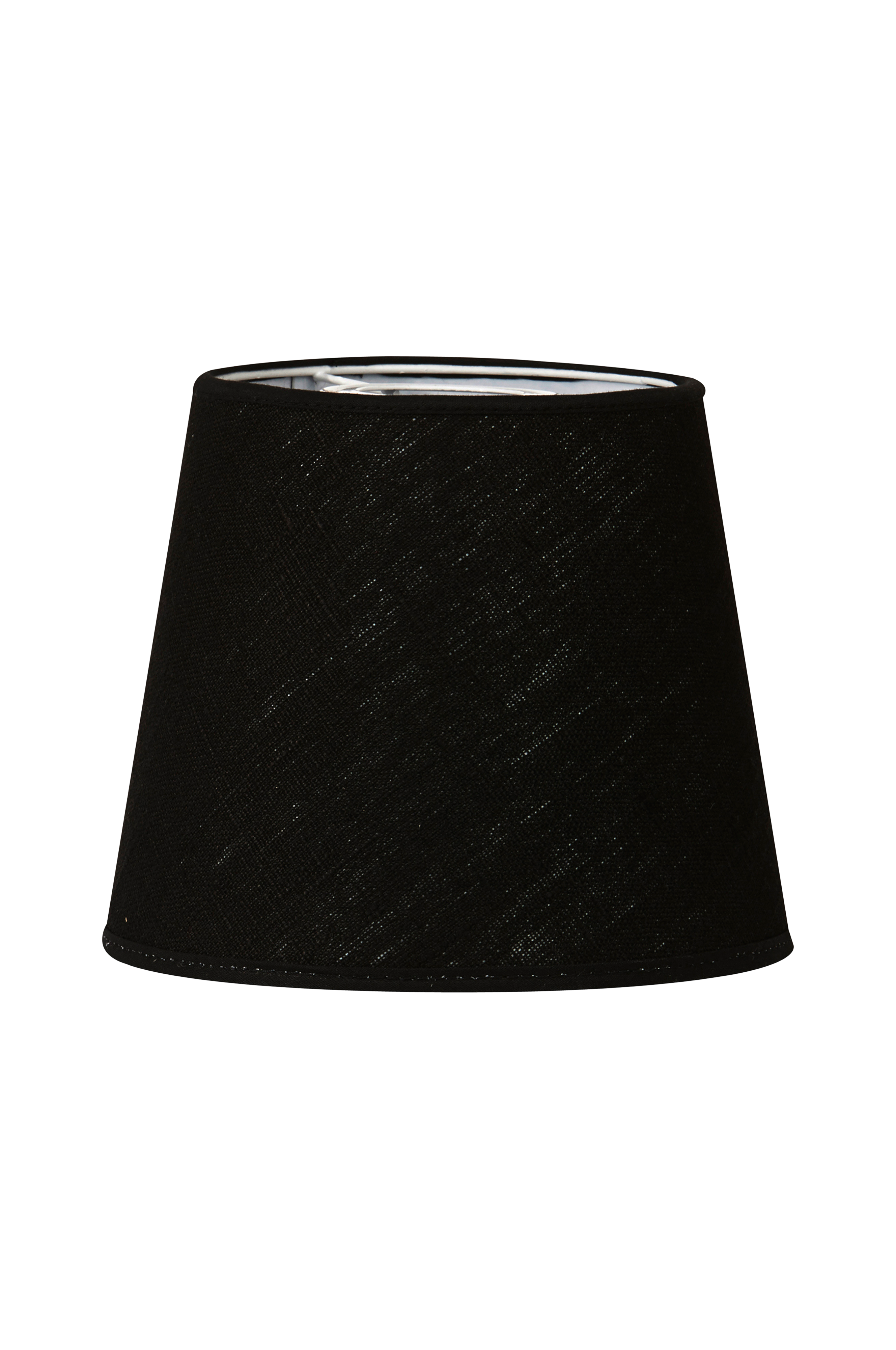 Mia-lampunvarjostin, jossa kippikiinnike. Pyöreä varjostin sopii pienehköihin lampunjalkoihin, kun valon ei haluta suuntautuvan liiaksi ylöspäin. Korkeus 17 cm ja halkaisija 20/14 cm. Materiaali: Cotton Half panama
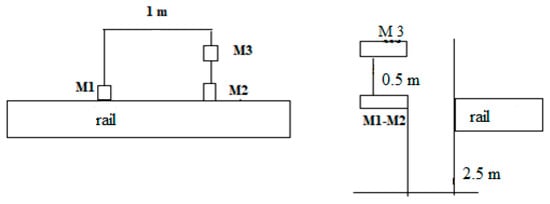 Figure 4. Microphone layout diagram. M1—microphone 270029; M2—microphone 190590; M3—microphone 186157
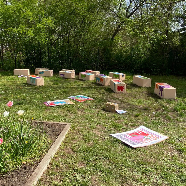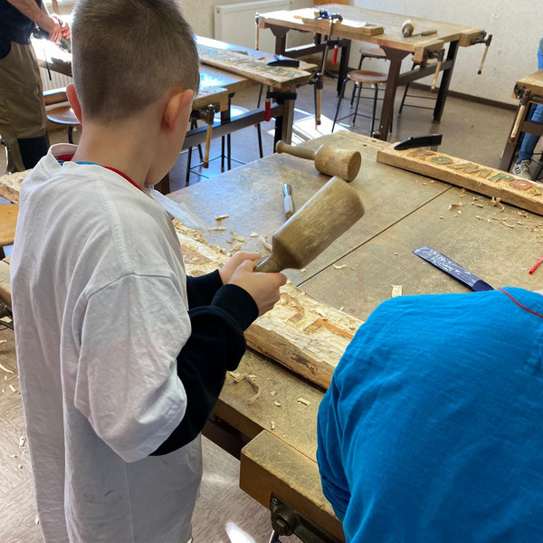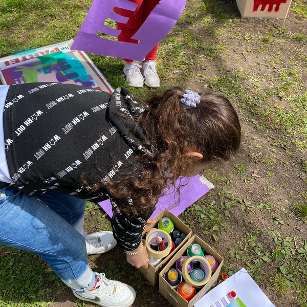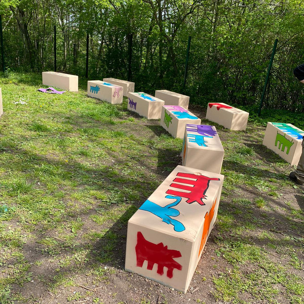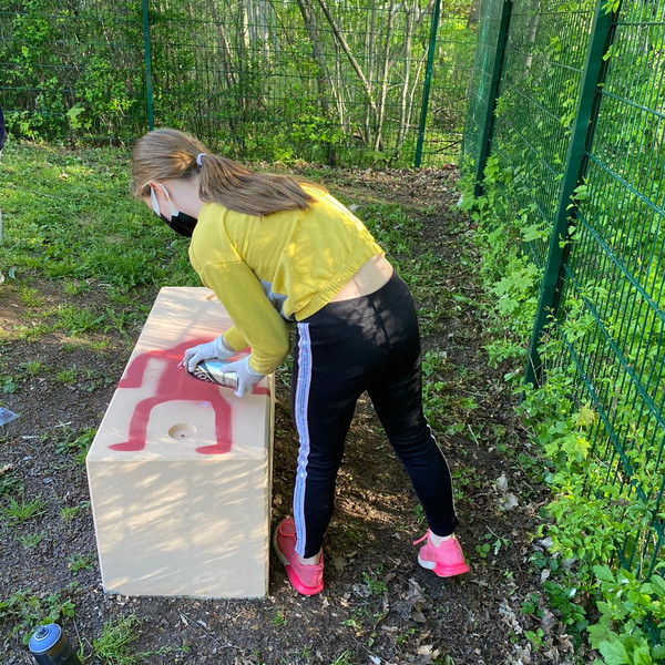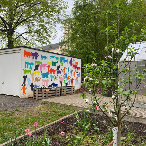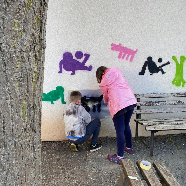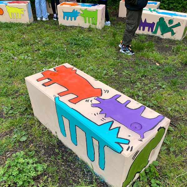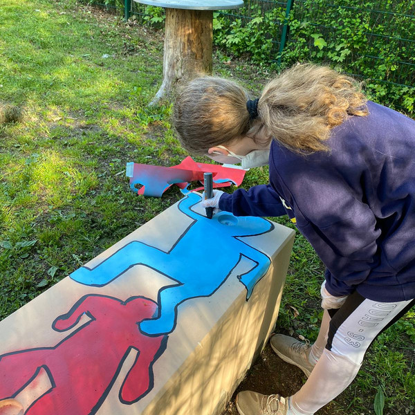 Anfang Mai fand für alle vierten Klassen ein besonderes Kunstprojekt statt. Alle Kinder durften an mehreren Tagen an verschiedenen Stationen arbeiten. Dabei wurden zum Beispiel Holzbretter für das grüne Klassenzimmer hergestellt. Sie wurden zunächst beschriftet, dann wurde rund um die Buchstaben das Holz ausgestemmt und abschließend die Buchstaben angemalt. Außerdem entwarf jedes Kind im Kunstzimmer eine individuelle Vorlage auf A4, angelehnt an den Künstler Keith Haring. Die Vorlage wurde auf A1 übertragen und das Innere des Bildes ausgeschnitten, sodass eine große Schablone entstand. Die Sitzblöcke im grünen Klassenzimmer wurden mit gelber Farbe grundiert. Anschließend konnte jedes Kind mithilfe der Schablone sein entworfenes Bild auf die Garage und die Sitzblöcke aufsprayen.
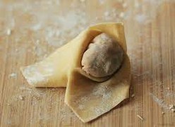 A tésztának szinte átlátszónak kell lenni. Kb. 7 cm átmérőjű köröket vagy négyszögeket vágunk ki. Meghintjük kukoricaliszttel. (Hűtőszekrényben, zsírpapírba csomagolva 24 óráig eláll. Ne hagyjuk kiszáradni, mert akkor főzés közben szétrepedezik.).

[Instructions to follow]
Pictures are to be omitted; otherwise, every line from the first line of the listing through the line containing "Figure 4. Microphone" must be reproduced exactly, both ends included.

[Completed task]
 Mia-lampunvarjostin, jossa kippikiinnike. Pyöreä varjostin sopii pienehköihin lampunjalkoihin, kun valon ei haluta suuntautuvan liiaksi ylöspäin. Korkeus 17 cm ja halkaisija 20/14 cm. Materiaali: Cotton Half panama
 Figure 4. Microphone layout diagram. M1—microphone 270029; M2—microphone 190590; M3—microphone 186157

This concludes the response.